Aims and objectives.  This study investigates possible differences in malnutrition prevalence rates in Dutch and German nursing homes. It seeks to provide insight into the screening, prevention and treatment of malnutrition and the indicators for nutritional care policy.

Background.  For decades, malnutrition has been an important problem in health care settings worldwide. A considerable percentage of frail older people suffer from malnutrition. In European nursing homes, the reported prevalence rates range widely (2% to 85%).

Method.  This is a multicentre, cross-sectional prevalence study of malnutrition in Dutch and German nursing homes using standardised methodology, with the participation of respectively 5848 and 4923 residents (65+ years).

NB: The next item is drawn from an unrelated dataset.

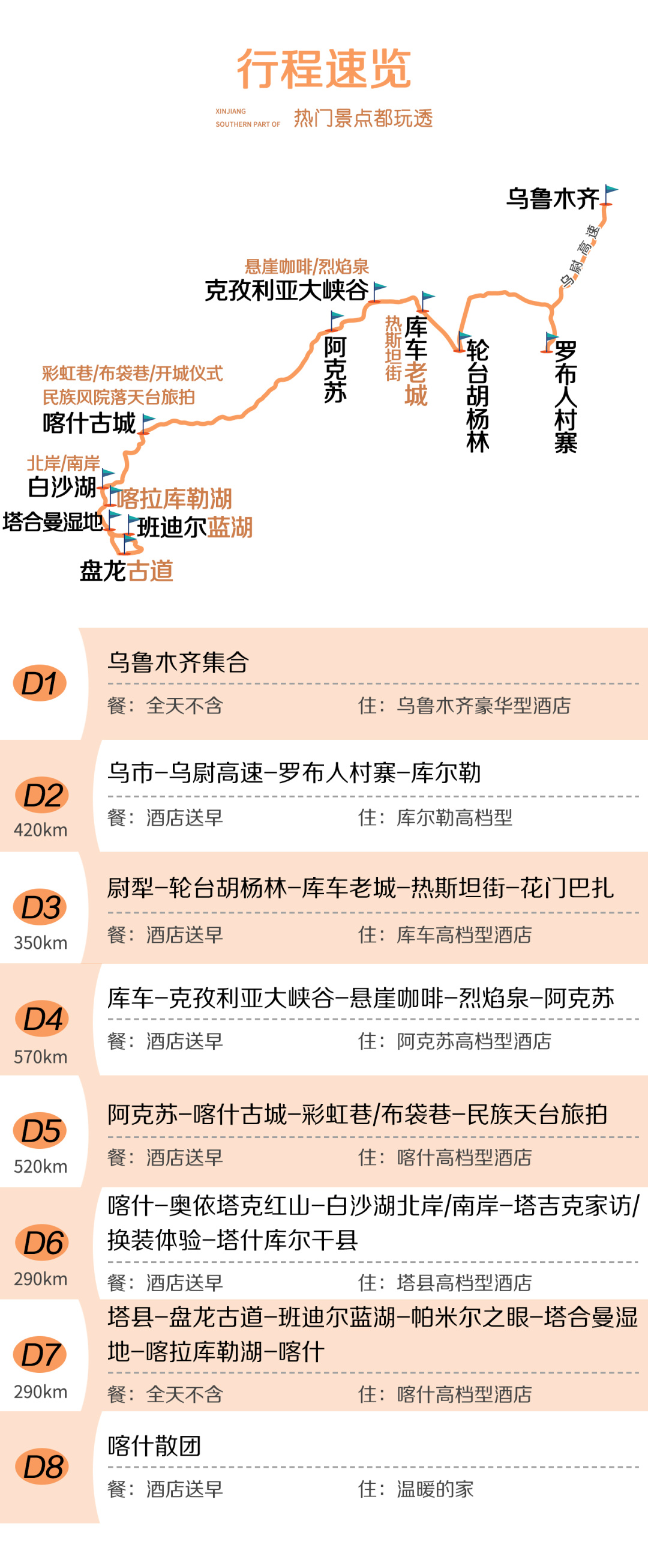 2. 门票:全程景点首道大门票+区间车:罗布人村寨门票、轮台胡杨林门票、克孜利亚大峡谷自驾票、白沙湖门票、喀拉库勒湖门票;

Results.  Patient characteristics differed significantly between the two countries. Dutch residents were more often male, younger, more care-dependent and significantly more at risk of malnutrition (31·7%). However, overall malnutrition prevalence rates did not differ significantly (Netherlands 26·8% and Germany 26·5%). All German residents were screened at admission, whereas only 73·1% of the Dutch residents were. As part of screening, nutritional screening tools were used in 38·0% of Dutch and 42·1% of the German residents. A dietician was consulted for 36·7% Dutch and 9·3% German malnourished residents. The proportion of malnourished receiving nutritional intervention was larger in Germany than in the Netherlands. Structural indicators for nutritional policy were fulfilled more often in the Netherlands care at institutional level whereas in Germany they were fulfilled more often at ward level.

Conclusion.  In this study, German residents had a somewhat better nutritional status than Dutch residents and more is done to enhance nutritional status in German nursing homes. The differences would be somewhat larger if both populations were more comparable.

Relevance to clinical practice.  Comparing malnutrition prevalence rates, prevention and interventions in health care institutions and countries gives insight into international differences in quality of care.